◆ **TASK OBJECTIVE**
Please copy every record below exactly, leaving out the pictures.

_ _ _ _ _

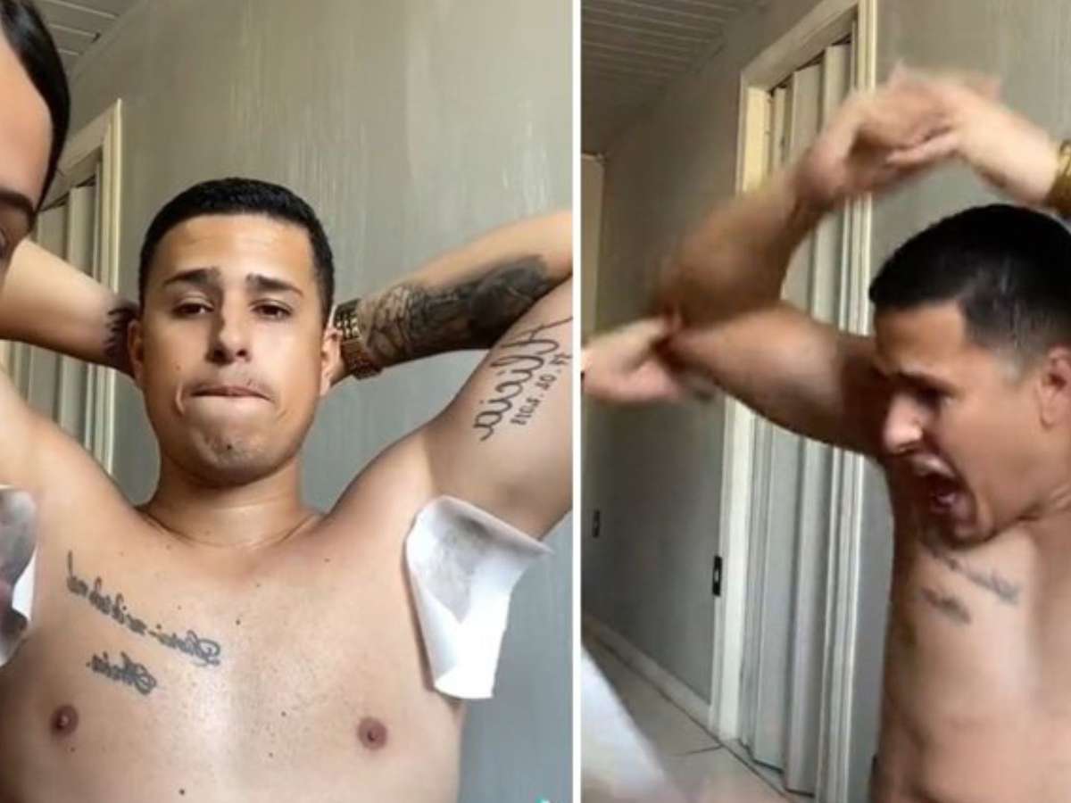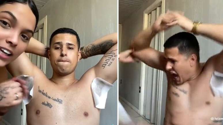 Para tirar a folha depilatória da outra axila, a influenciadora implorou: "Isso é trabalho, mano, isso é sério". Ele aceitou e prometeu não expressar a dor pela segunda vez. Ainda assim, o homem não conseguiu disfarçar o sofrimento. Confira:
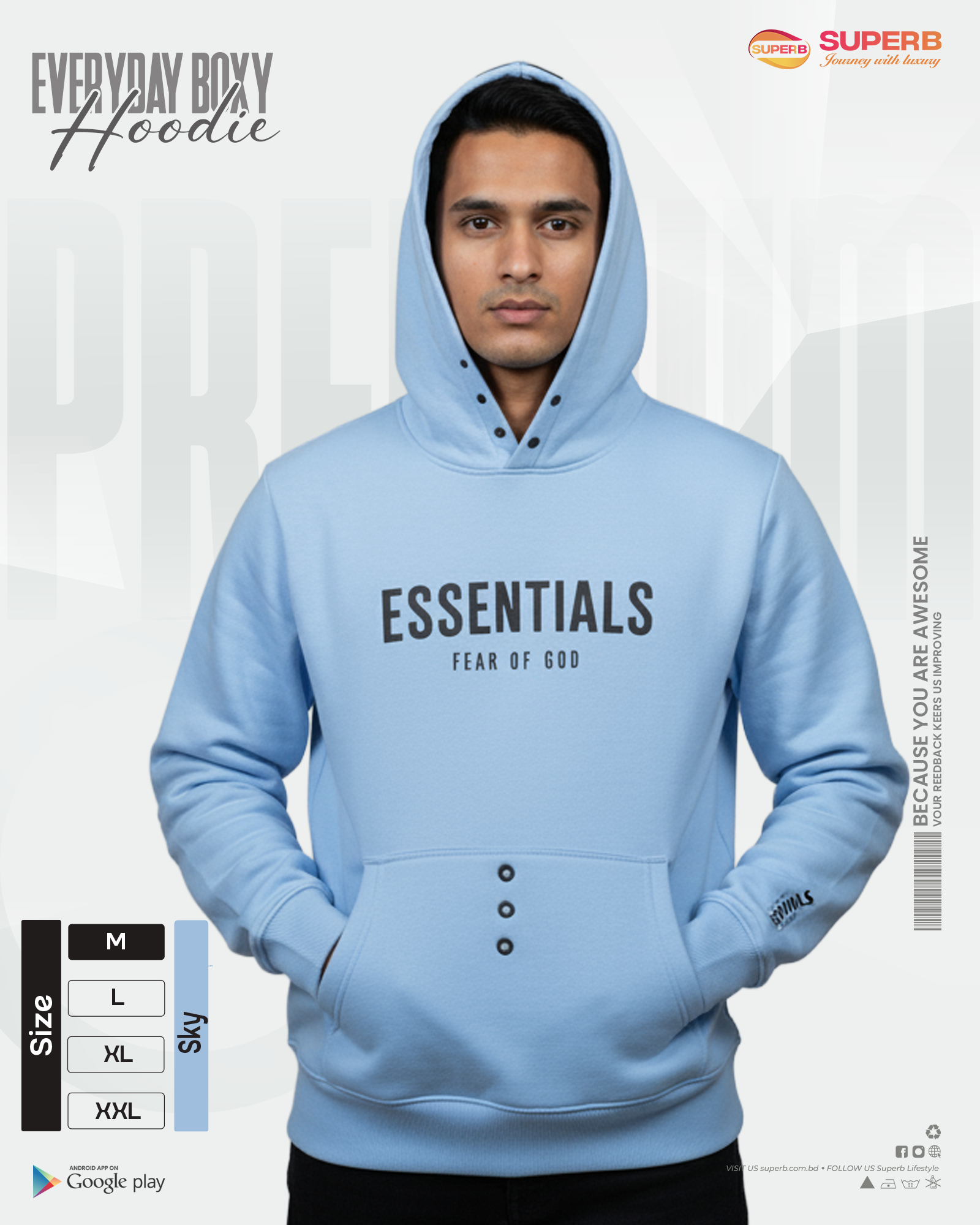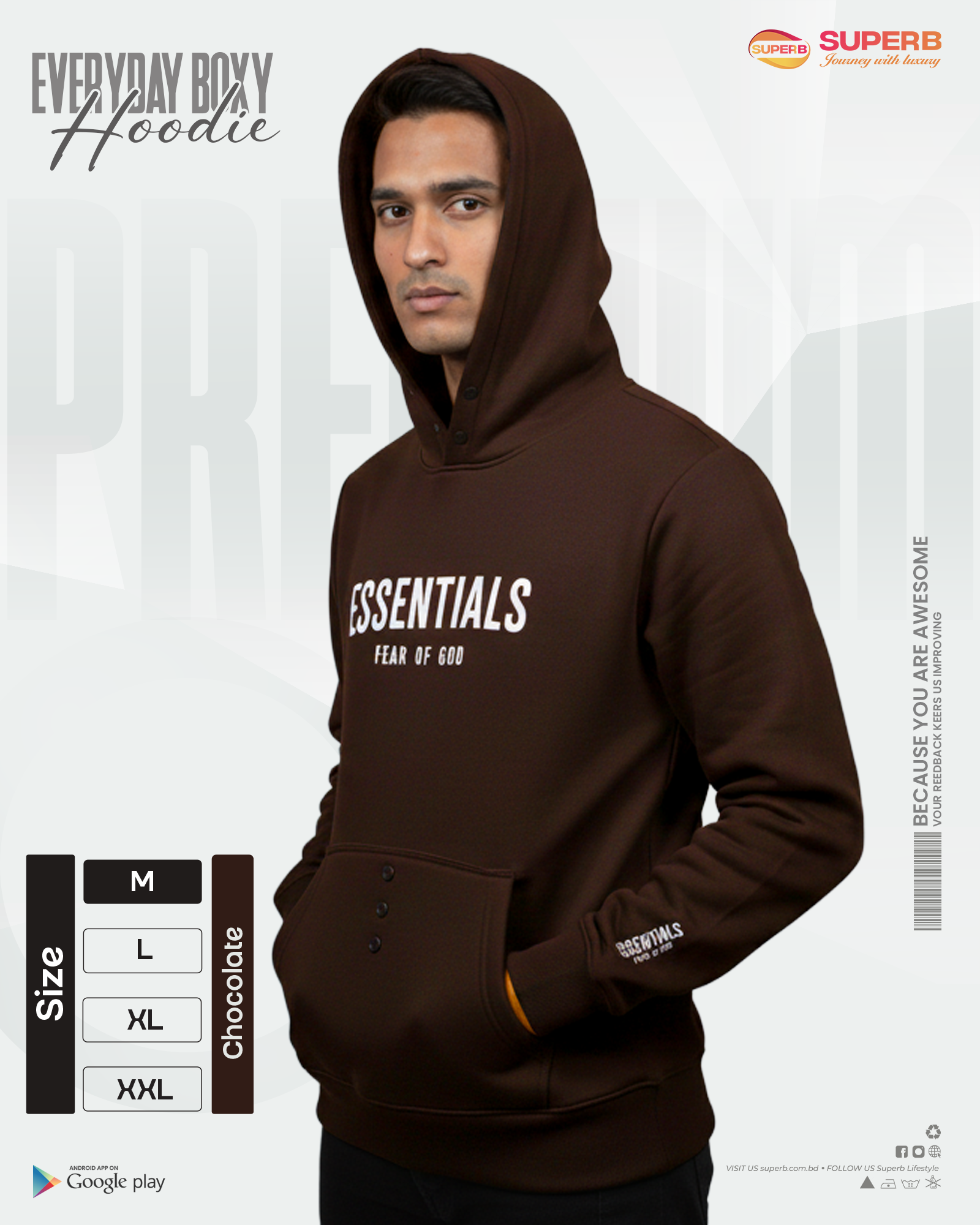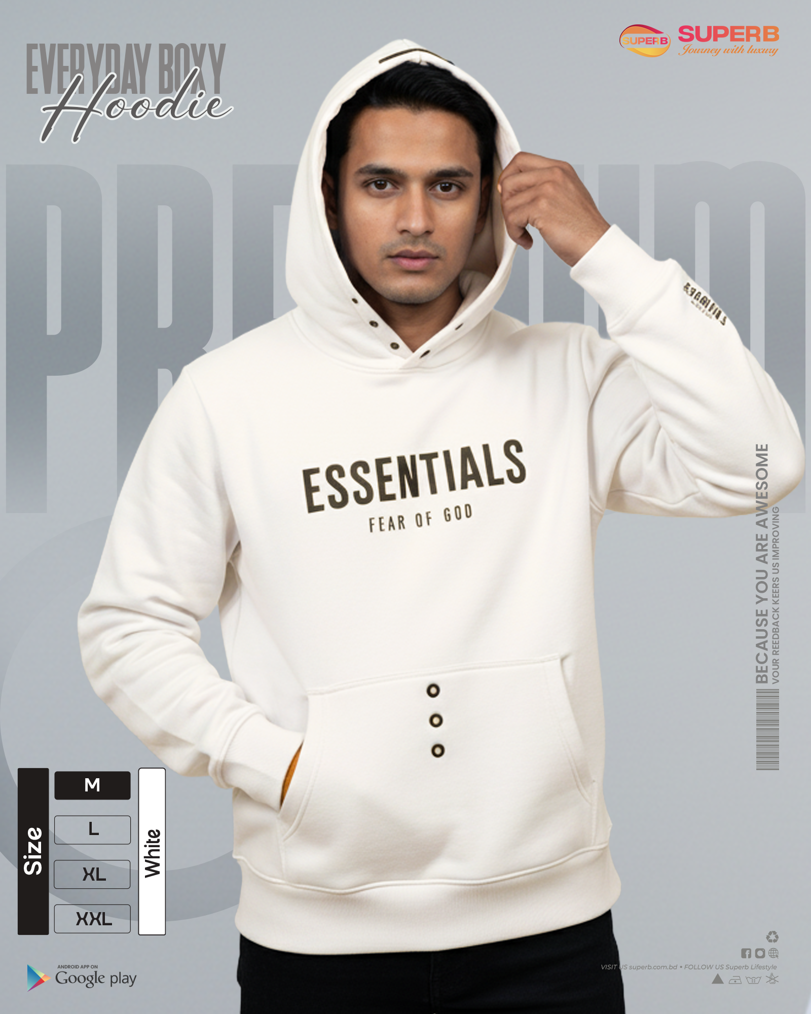 Upgrade your everyday comfort with the Essentials Premium Hoodie — crafted from ultra-soft inner brusho fabric and heavyweight 350+ GSM cotton. This unisex hoodie combines warmth, durability, and minimal streetwear design for men and women who value both comfort and style.
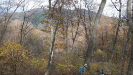 落ち葉絨毯と紅葉の気持ちの良い吊尾根
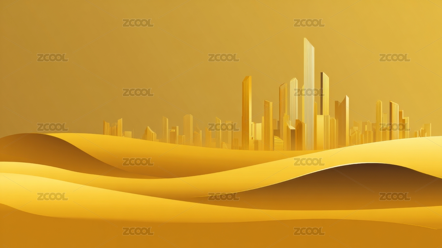沙漠中金色的城市剪影
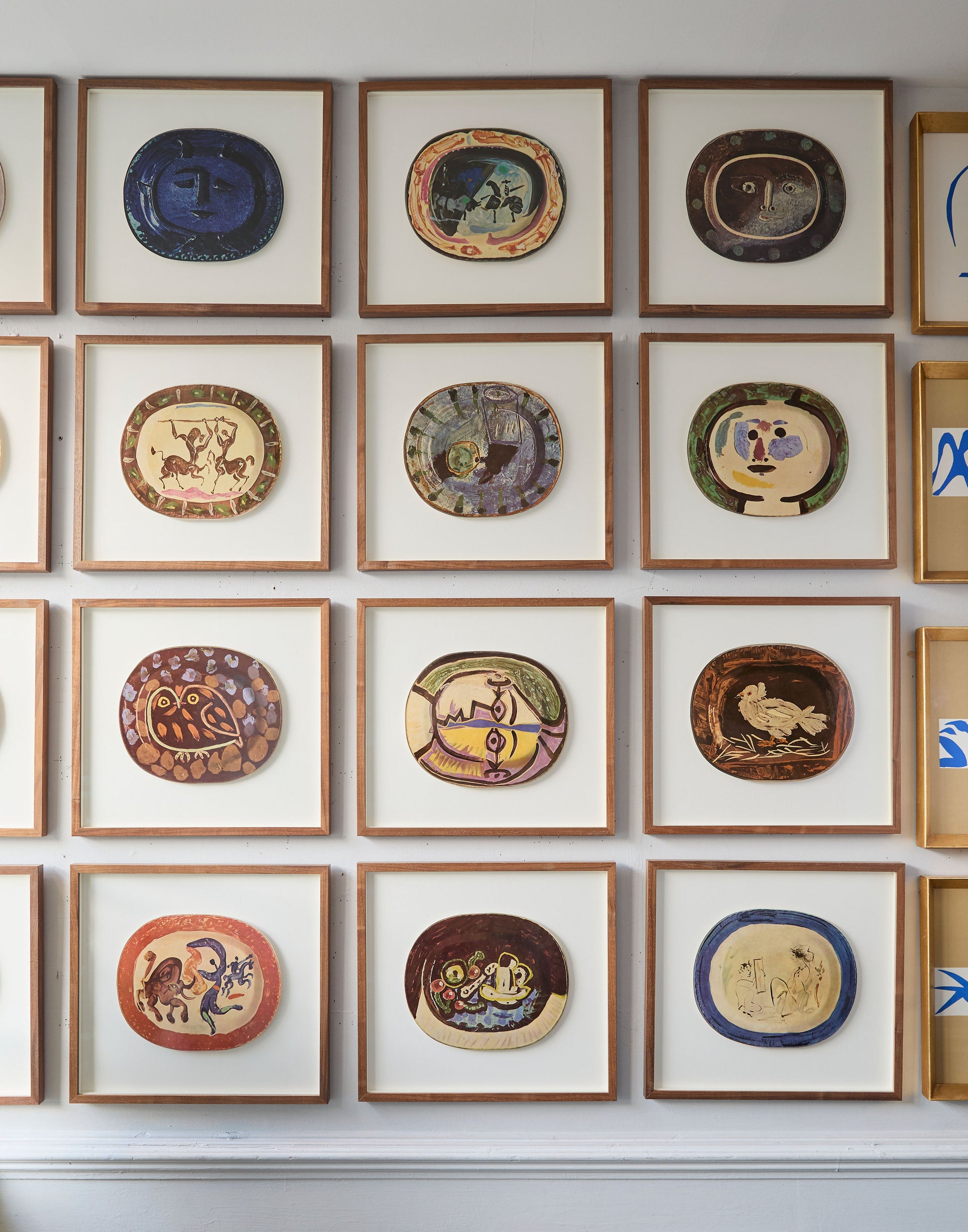 A set of eighteen polychrome prints after ceramic plates by Pablo Picasso from a rare limited edition Art Folio "Céramiques De Picasso" authored by Suzanne and Georges Ramié and published by Albert Skira in1959. Each print is in the shape of the ceramic plate and has a glossy finish that echoes the coloured ceramic glazes. We have suspended the artworks between two pieces of non-reflective glass to create the illusion of Picasso's ceramic plates on display in the Picasso Museum in Antibes (see image). They are framed in slim black walnut frames. The price is for the set,, but they are available individually for £750 each.
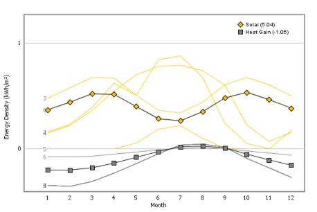 朝南垂直表面的太阳辐射 (月度分解):
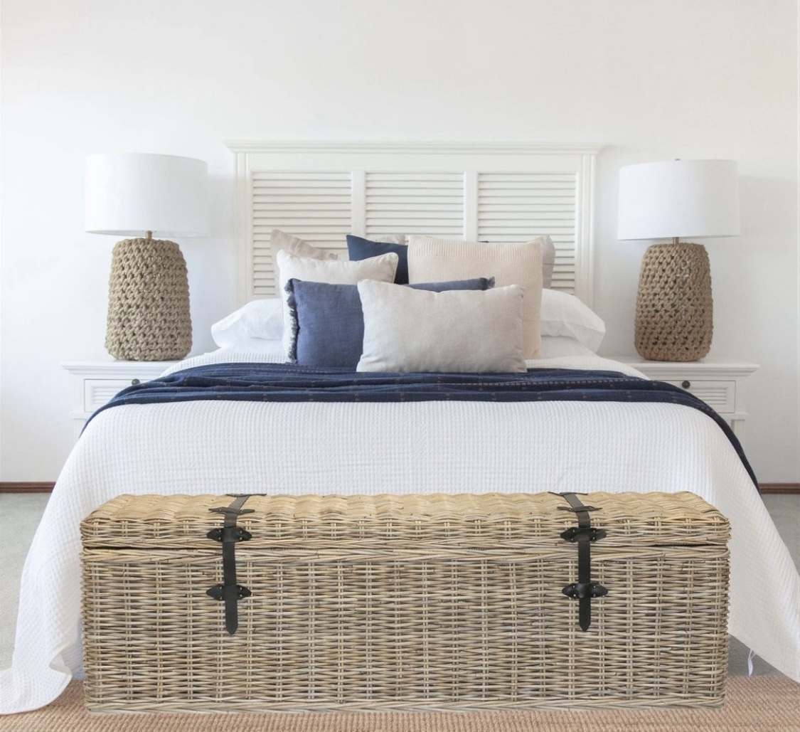 Colour – NaturalThe Hamptons inspired trunk/chest in a natural coastal wash is great for storage The rattan texture combined with the lined trunk brings a modern elegance that wors effortlessly in any space.
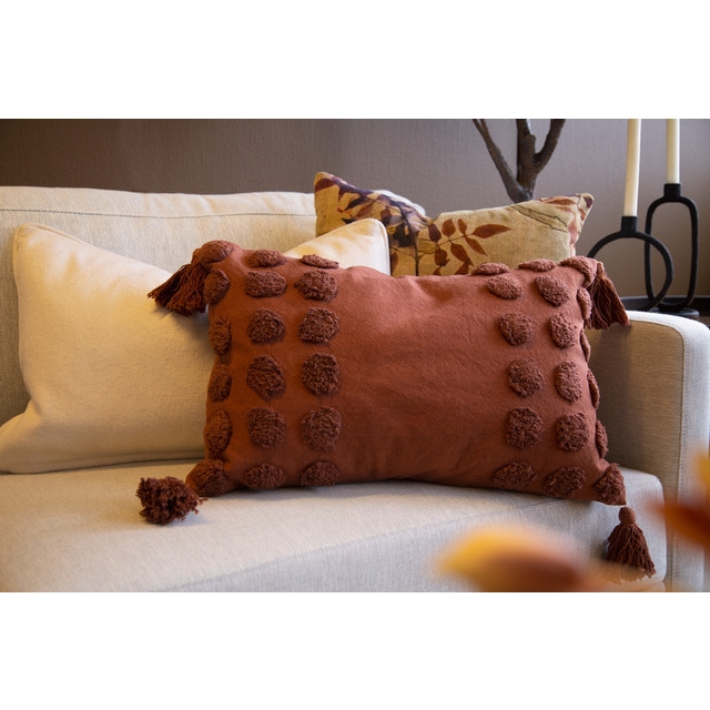 Puten har rektangulær form og er dekorert med lekre dusker i hvert hjørne – en detalj som gir den det lille ekstra. Perfekt i sofaen, på sengekanten eller i en lenestol hvor du ønsker å tilføre varme toner og taktilitet.
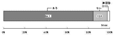 暴力団等の排除措置については、全回答のうち、過去に暴力団等の排除措置をとったことが「ない」とするものが9割以上(2,696件・91.1%)を占めた。「ある」としたものは44件で1.5%となっている。

_ _ _ _ _

◆ **RESPONSE AREA**
 Para tirar a folha depilatória da outra axila, a influenciadora implorou: "Isso é trabalho, mano, isso é sério". Ele aceitou e prometeu não expressar a dor pela segunda vez. Ainda assim, o homem não conseguiu disfarçar o sofrimento. Confira:
 Upgrade your everyday comfort with the Essentials Premium Hoodie — crafted from ultra-soft inner brusho fabric and heavyweight 350+ GSM cotton. This unisex hoodie combines warmth, durability, and minimal streetwear design for men and women who value both comfort and style.
 落ち葉絨毯と紅葉の気持ちの良い吊尾根
沙漠中金色的城市剪影
 A set of eighteen polychrome prints after ceramic plates by Pablo Picasso from a rare limited edition Art Folio "Céramiques De Picasso" authored by Suzanne and Georges Ramié and published by Albert Skira in1959. Each print is in the shape of the ceramic plate and has a glossy finish that echoes the coloured ceramic glazes. We have suspended the artworks between two pieces of non-reflective glass to create the illusion of Picasso's ceramic plates on display in the Picasso Museum in Antibes (see image). They are framed in slim black walnut frames. The price is for the set,, but they are available individually for £750 each.
 朝南垂直表面的太阳辐射 (月度分解):
 Colour – NaturalThe Hamptons inspired trunk/chest in a natural coastal wash is great for storage The rattan texture combined with the lined trunk brings a modern elegance that wors effortlessly in any space.
 Puten har rektangulær form og er dekorert med lekre dusker i hvert hjørne – en detalj som gir den det lille ekstra. Perfekt i sofaen, på sengekanten eller i en lenestol hvor du ønsker å tilføre varme toner og taktilitet.
 暴力団等の排除措置については、全回答のうち、過去に暴力団等の排除措置をとったことが「ない」とするものが9割以上(2,696件・91.1%)を占めた。「ある」としたものは44件で1.5%となっている。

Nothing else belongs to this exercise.